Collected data
------------------------------------------------------------

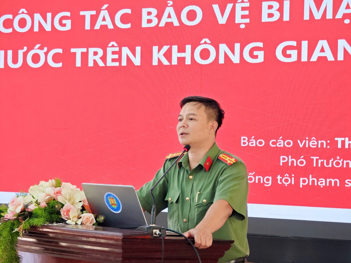 Các đại biểu tham dự Hội nghị tập huấn đã được đồng chí Thượng tá Trịnh Đức Nhỏ, Trưởng phòng An ninh chính trị nội bộ triển khai tập huấn chuyên sâu về các nội dung gồm: Luật Bảo vệ bí mật nhà nước 2025 (có hiệu lực thi hành từ ngày 01/3/2026), Nghị định số 63/2026/NĐ-CP ngày 28/02/2026 quy định chi tiết một số điều và các biện pháp thi hành Luật Bảo vệ bí mật nhà nước và các văn bản hướng dẫn thi hành công tác bảo vệ bí mật nhà nước; hướng dẫn quy trình thực hiện công tác bảo vệ bí mật nhà nước; nhận diện những sơ hở, hạn chế trong thực hiện nhiệm vụ bảo vệ bí mật nhà nước trong thời gian qua; phổ biến các quy định của Đảng, pháp luật của Nhà nước về xử lý vi phạm liên quan. Đồng thời, được đồng chí Thượng tá Phan Sỹ Vinh, Phó Trưởng phòng An ninh mạng và phòng, chống tội phạm sử dụng công nghệ cao triển khai Luật An ninh mạng 2025; các biện pháp đảm bảo bí mật nhà nước trên không gian mạng, đảm bảo an toàn thông tin; hướng dẫn biện pháp tăng cường bảo đảm an toàn thông tin trong bối cảnh thực hiện công tác chuyển đổi số hiện nay.
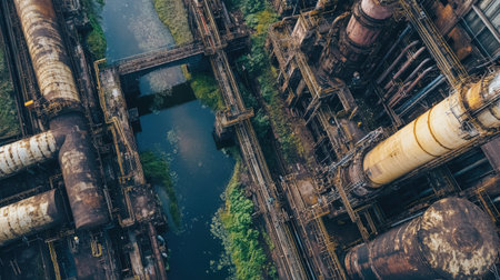 Captivating aerial perspective of an industrial site showcasing arranged machinery and structures, providing insight into operational logistics and urban infrastructure.
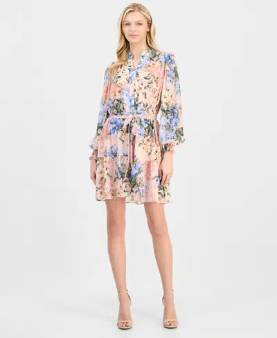 Petite Floral-print Chiffon Belted Dress In Pink
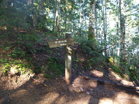6:13 標識に従い右へ。弥陀ヶ池まで2.7km。
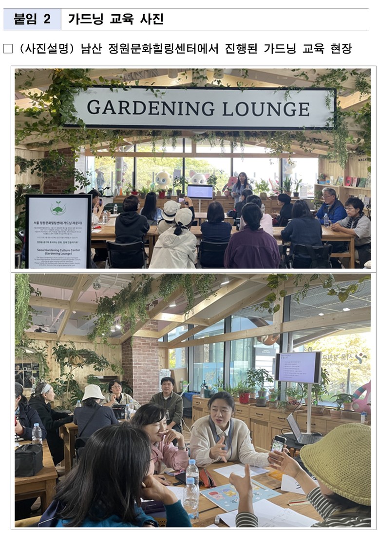 금번 행사를 위해 지난 9~10월 시민정원사를 모집하였고, 남산 정원문화힐링센터에서 가드닝 교육이 진행되었다. 시민정원사 45명이 참여해 총 3회에 걸친 교육과정을 수료하였으며, ▲ 정원의 가치와 저관리형 정원 개념 이해 ▲ 지속가능한 정원 디자인 구상 ▲ 현장 실습 및 유지관리 방안 검토 등 정원사에게 필요한 실무 중심의 교육이 진행되었다. 교육을 통해 참가자들은 정원을 만들 수 있는 기초 역량을 쌓았으며, 이번 본 행사에서 그 결과를 직접 선보일 예정이다.
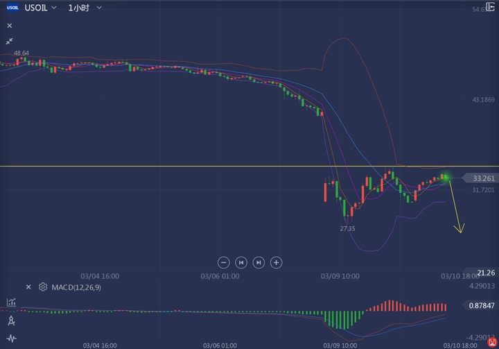如图,原油方面跳空30%之后,以27为支撑点上涨,到达33.40的位置,其实这个点在昨天文中已经讲过,以此为压力点继续回落,如果这个位置破位,就会向上回到41附近的缺口,油价大幅的下跌主要是受沙特方面价格战的影响,短线可能会继续释放,但未来从长远来看,美国绝不允许这样的事情发生,一定会出手干涉。
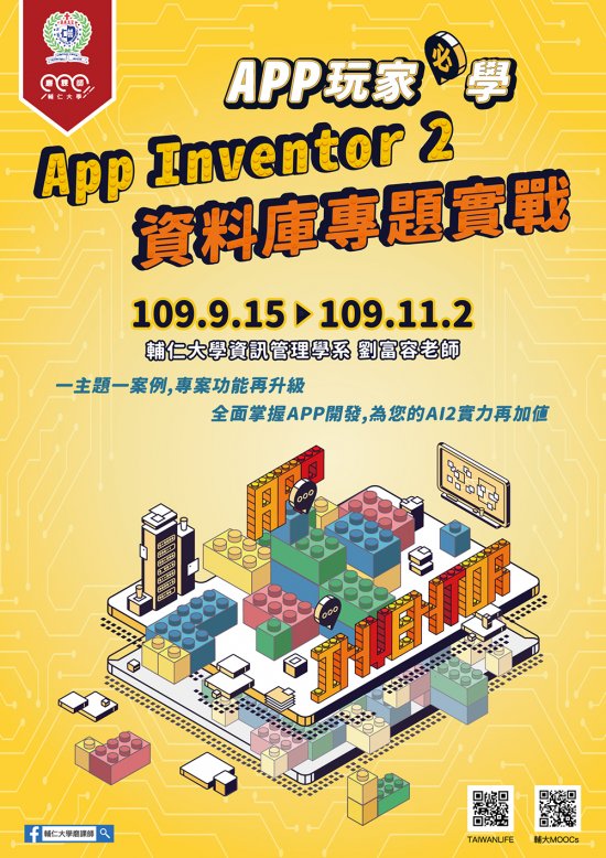 一、由本校資訊管理學系劉富容教授授課,全面掌握 APP 開發,為您的 AI2 實力再加值!課程以 AI2 專案方式教授 APP 程式開發技能,並著重使用者介面設計 UI 概念與使用者體驗 UX 探討,使學員能開發出功能完整、介面設計友善及使用經驗良好的應用程式。 二、開課期間: 109 年 9 月 15 日至 109 年 11 月 2 日止。 三、課程網址: https://reurl.cc/OqkrK9 。 四、修課方式:於平台註冊帳號後,即可報名課程進行免費線上修課。
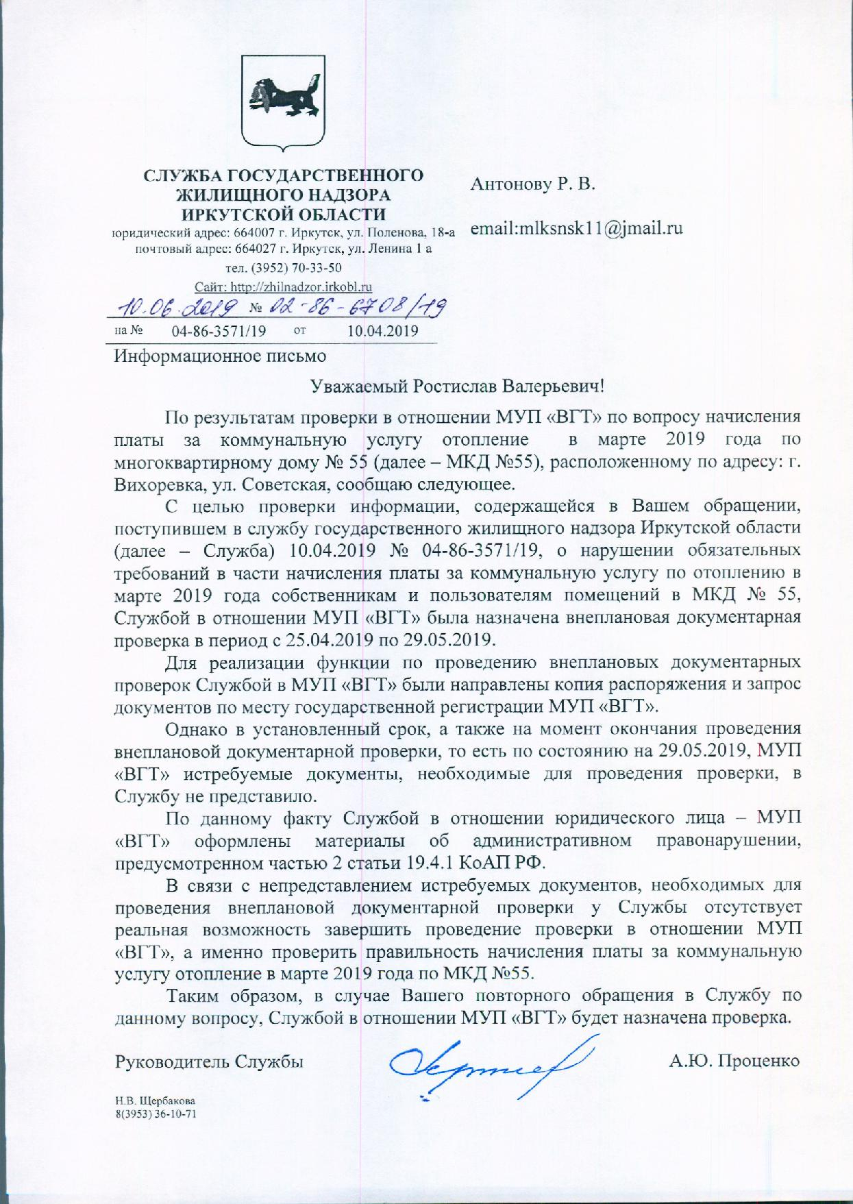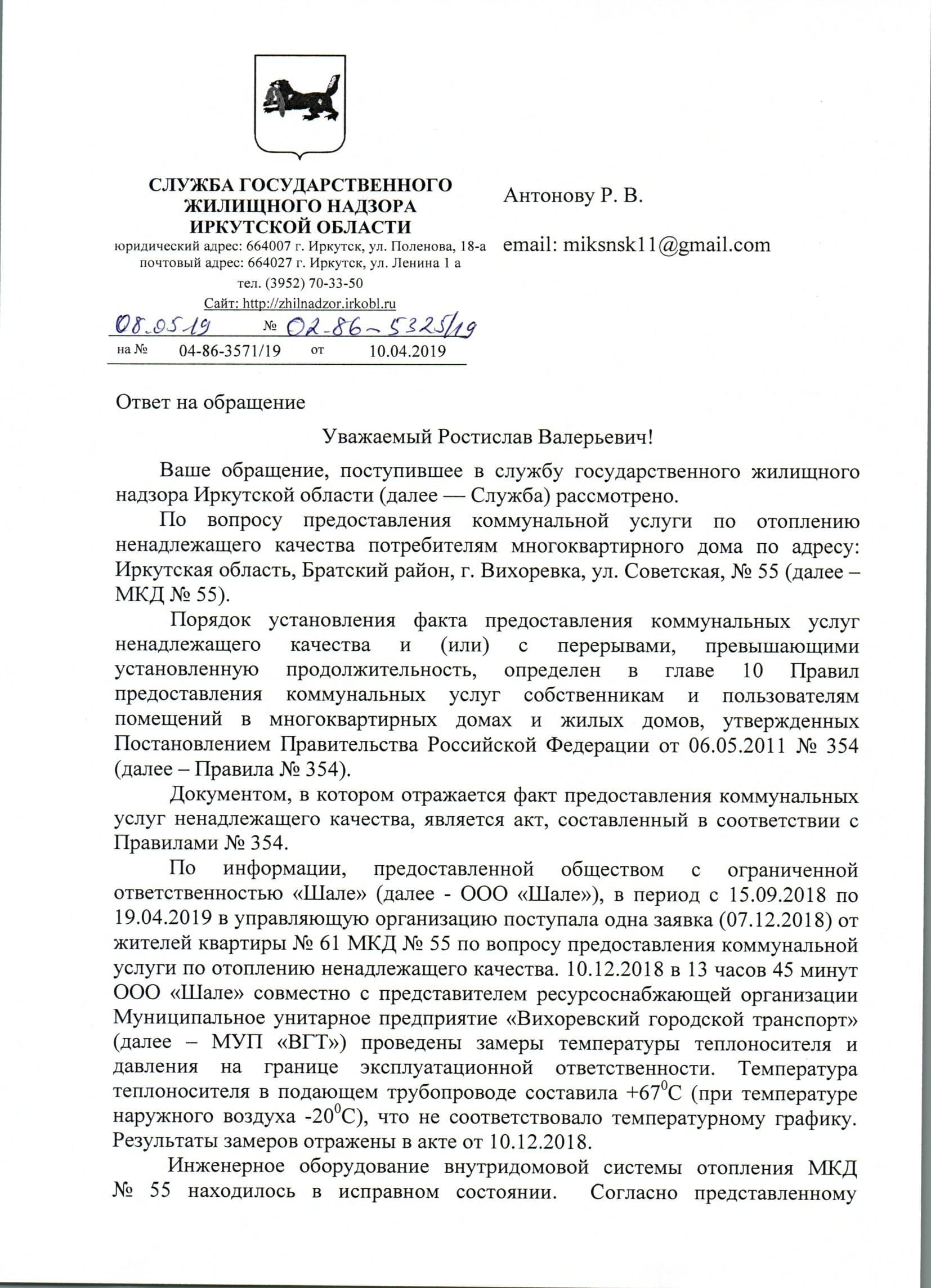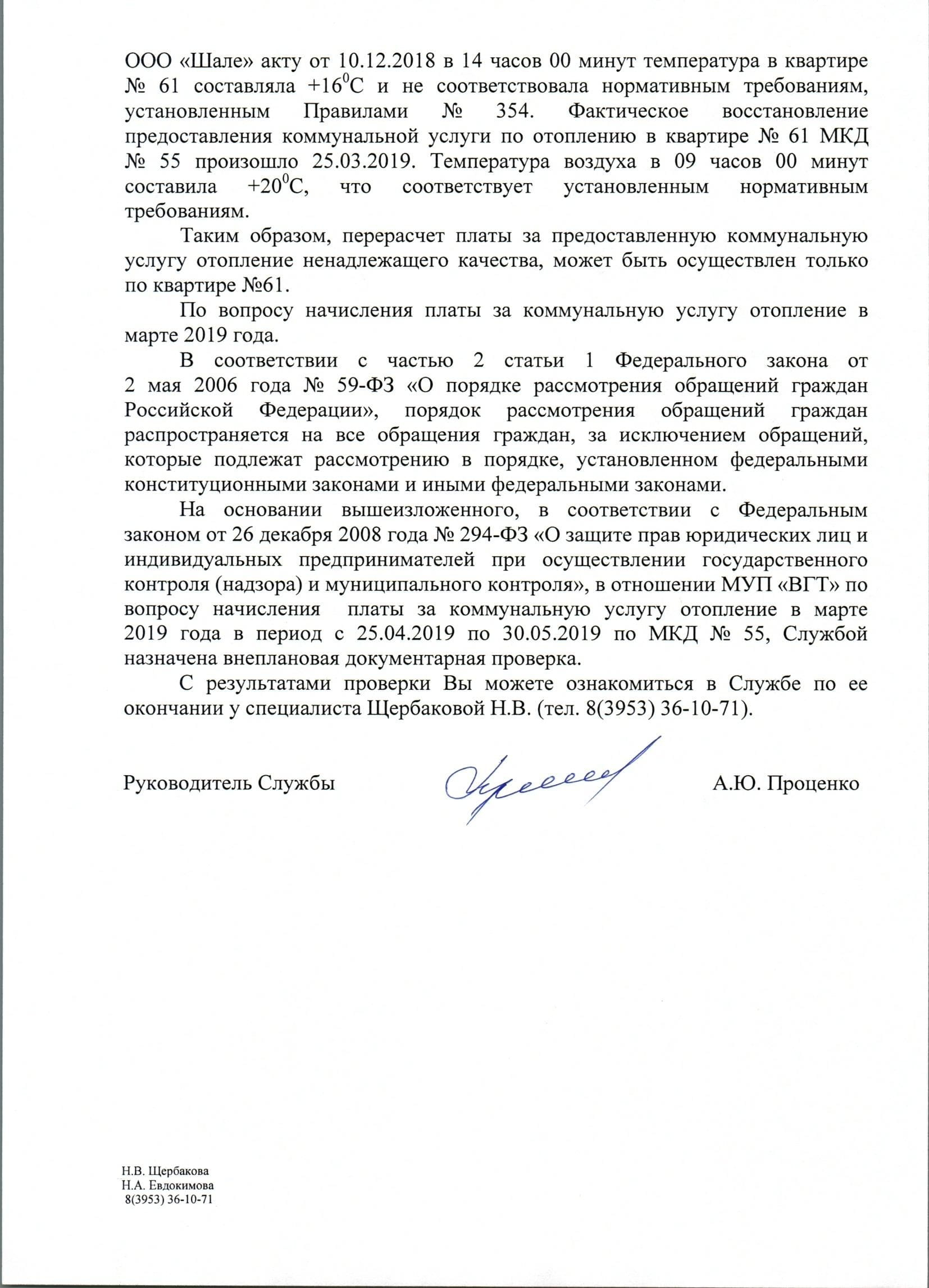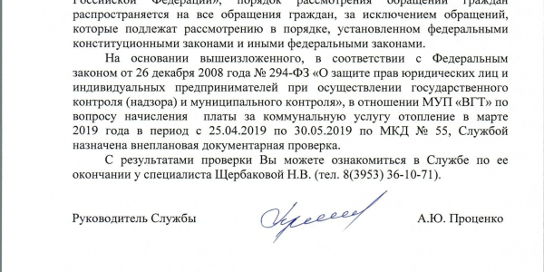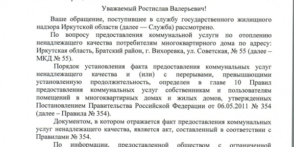Номер жалобы:53021 Тип жалобы:Иные проблемы ЖКХ Название объекта:МУП ВГТ Регион:Иркутская область Город:Вихоревка Адрес:Советская 55-21 Описание жалобы:Поступил перерасчет ком услуг на 2224 руб (за тепло ) которого небыло по факту (мерзли даже по телевизору показывали) и постоянно отключали и так не горяячии ботареи Статус:

------------------------------------------------------------

Instructions for the task - Above are entries with pictures among them. Write out exactly the lines from the one containing "Petite Floral-print Chiffon" through the one containing "금번 행사를 위해 지난", ends included, and leave those pictures out.

The completed task -
 Petite Floral-print Chiffon Belted Dress In Pink
6:13 標識に従い右へ。弥陀ヶ池まで2.7km。
 금번 행사를 위해 지난 9~10월 시민정원사를 모집하였고, 남산 정원문화힐링센터에서 가드닝 교육이 진행되었다. 시민정원사 45명이 참여해 총 3회에 걸친 교육과정을 수료하였으며, ▲ 정원의 가치와 저관리형 정원 개념 이해 ▲ 지속가능한 정원 디자인 구상 ▲ 현장 실습 및 유지관리 방안 검토 등 정원사에게 필요한 실무 중심의 교육이 진행되었다. 교육을 통해 참가자들은 정원을 만들 수 있는 기초 역량을 쌓았으며, 이번 본 행사에서 그 결과를 직접 선보일 예정이다.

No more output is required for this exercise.